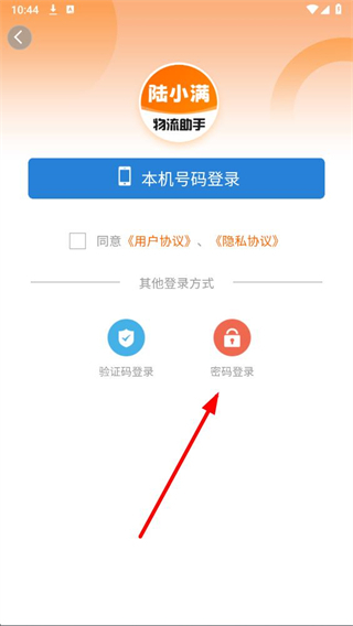 3、在登录选择页面,点击密码登录选项,进入密码登录输入页面。
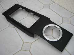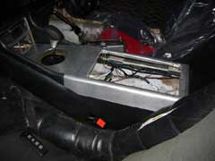 The centre consol was in poor condition. The leather around the radio/air vent surround was badly marked, as was the electric window switch housing and the elbow rest had collapsed. So a new centre channel cover was fabricated using aluminium and together with the radio surround, recovered to match the door panels. The electric window switches were to be replaced with a new custom current sensing window controller and the new window switches were relocated to the doors.
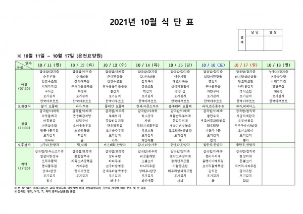 10월 둘째주 식단표 페이지 정보 작성자 은천노인복지회 작성일21-10-12 10:03 조회118,669회 댓글0건 관련링크 이전글 다음글 목록 답변 본문 . 이전글 다음글 목록 답변
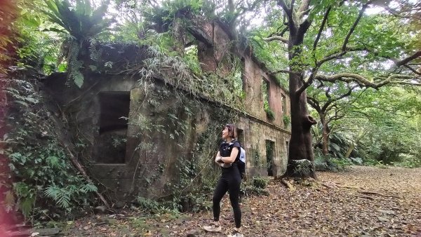 在三角點休個5分鐘、拍完照片,接下來就一路下山,但還有景點要去拍照,走出林道接上泊油路後,大約走200公尺切進石階步道,裡面有個廢棄古墟座落在林中,它有種荒廢古厝的美。▼
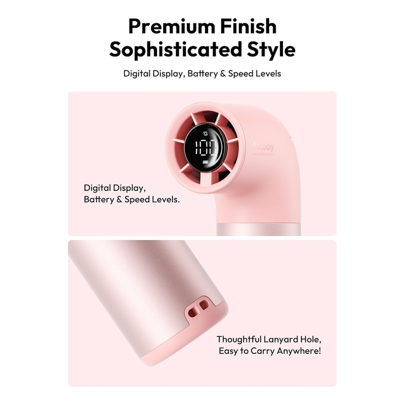 - Aecooly Rechargeable Travel Fan features a bright, intuitive LED display that allows you to easily monitor the settings with just a glance. The clear, user-friendly interface ensures you can adjust the speed, switch modes, or check battery life with ease. Whether at home, in the office, or outdoors, the LED screen offers clarity and simplicity.
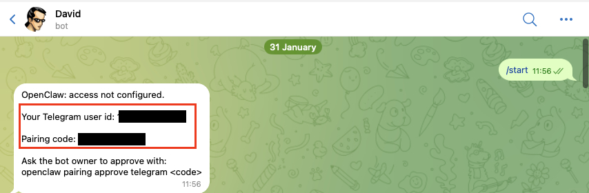 openclaw pairing approve telegram <code>配对成功后,你会看到类似下面的提示:
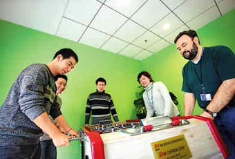 體驗期間的一天中午,我去茶水間沖咖啡,一個熟悉的身影擋在我的面前,藍襯衫、黑西裝、短頭發(fā)——他就是微軟中國研發(fā)集團的主席張亞勤,早在2006年第一次采訪他時,我就知道他喜歡喝黑咖啡。 在微軟中國研發(fā)集團,張亞勤是當之無愧的靈魂人物。以致在這幾天的體驗中,我極力想弄清楚,今時今日的微軟中國,哪些是張亞勤的烙印。 與參加各種公眾活動時記者面前那個帶有光環(huán)的張亞勤不同,我現(xiàn)在面對的張亞勤是可以和實習生張霄在桌式足球場上并肩奮戰(zhàn)、贏球后興奮地擊掌表示祝賀的“大男孩”。 我自然也被允許輕松地光顧他的辦公室——他一天至少有1/3的時間是在這里度過的。 乍一看,他的辦公室過于簡約:墻上幾乎不掛任何東西。最顯眼的,就是靠北墻桌上的兩排黑色的小方磚了——這就是傳說中的專利證明,數(shù)一數(shù),有15塊,這只是他專利發(fā)明中的一小部分。 圓弧形的大辦公桌上,擺著四臺電腦。而最珍貴的,則是桌上一字排開的三幅照片,分別是張亞勤和胡錦濤、蓋茨以及家人的合影。 “這是我的3個老板,國家的、公司的、家里的!彼矚g這樣說。 最初,張亞勤應邀加盟微軟時,很多人都認為,“微軟又挖來一個杰出的技術人才”。事實的確如此,無論他本人,還是因為他而凝聚起來的一批技術精英,為微軟的技術研發(fā)貢獻了不可或缺的東方智慧。事實上,僅在Vista等旗艦產品中,由中國團隊研發(fā)的功能就超過100多項。 不過,出乎許多人意外的是,除技術之外,在市場、管理、公共關系等諸方面,張亞勤日益顯現(xiàn)出難以替代的價值。
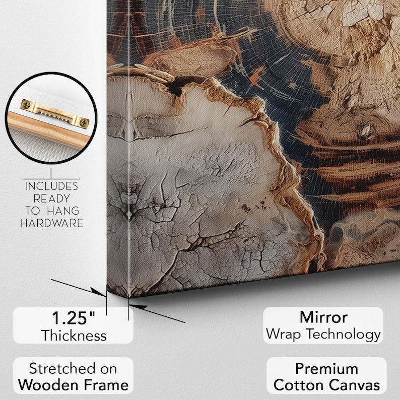Petrified Wood Tree Ring Canvas Print, Abstract Wood Wall Art, Modern Nature Decor, Earth Tone Organic Art Boho

━━━━━━━━━━━━━━━━━━━━━━━━━━━━━━

### Exercise directions
Please restate the entries word for word. Skip the pictures.

### Written response
 3、在登录选择页面,点击密码登录选项,进入密码登录输入页面。
 The centre consol was in poor condition. The leather around the radio/air vent surround was badly marked, as was the electric window switch housing and the elbow rest had collapsed. So a new centre channel cover was fabricated using aluminium and together with the radio surround, recovered to match the door panels. The electric window switches were to be replaced with a new custom current sensing window controller and the new window switches were relocated to the doors.
 10월 둘째주 식단표 페이지 정보 작성자 은천노인복지회 작성일21-10-12 10:03 조회118,669회 댓글0건 관련링크 이전글 다음글 목록 답변 본문 . 이전글 다음글 목록 답변
 在三角點休個5分鐘、拍完照片,接下來就一路下山,但還有景點要去拍照,走出林道接上泊油路後,大約走200公尺切進石階步道,裡面有個廢棄古墟座落在林中,它有種荒廢古厝的美。▼
 - Aecooly Rechargeable Travel Fan features a bright, intuitive LED display that allows you to easily monitor the settings with just a glance. The clear, user-friendly interface ensures you can adjust the speed, switch modes, or check battery life with ease. Whether at home, in the office, or outdoors, the LED screen offers clarity and simplicity.
 openclaw pairing approve telegram <code>配对成功后,你会看到类似下面的提示:
 體驗期間的一天中午,我去茶水間沖咖啡,一個熟悉的身影擋在我的面前,藍襯衫、黑西裝、短頭發(fā)——他就是微軟中國研發(fā)集團的主席張亞勤,早在2006年第一次采訪他時,我就知道他喜歡喝黑咖啡。 在微軟中國研發(fā)集團,張亞勤是當之無愧的靈魂人物。以致在這幾天的體驗中,我極力想弄清楚,今時今日的微軟中國,哪些是張亞勤的烙印。 與參加各種公眾活動時記者面前那個帶有光環(huán)的張亞勤不同,我現(xiàn)在面對的張亞勤是可以和實習生張霄在桌式足球場上并肩奮戰(zhàn)、贏球后興奮地擊掌表示祝賀的“大男孩”。 我自然也被允許輕松地光顧他的辦公室——他一天至少有1/3的時間是在這里度過的。 乍一看,他的辦公室過于簡約:墻上幾乎不掛任何東西。最顯眼的,就是靠北墻桌上的兩排黑色的小方磚了——這就是傳說中的專利證明,數(shù)一數(shù),有15塊,這只是他專利發(fā)明中的一小部分。 圓弧形的大辦公桌上,擺著四臺電腦。而最珍貴的,則是桌上一字排開的三幅照片,分別是張亞勤和胡錦濤、蓋茨以及家人的合影。 “這是我的3個老板,國家的、公司的、家里的!彼矚g這樣說。 最初,張亞勤應邀加盟微軟時,很多人都認為,“微軟又挖來一個杰出的技術人才”。事實的確如此,無論他本人,還是因為他而凝聚起來的一批技術精英,為微軟的技術研發(fā)貢獻了不可或缺的東方智慧。事實上,僅在Vista等旗艦產品中,由中國團隊研發(fā)的功能就超過100多項。 不過,出乎許多人意外的是,除技術之外,在市場、管理、公共關系等諸方面,張亞勤日益顯現(xiàn)出難以替代的價值。
Petrified Wood Tree Ring Canvas Print, Abstract Wood Wall Art, Modern Nature Decor, Earth Tone Organic Art Boho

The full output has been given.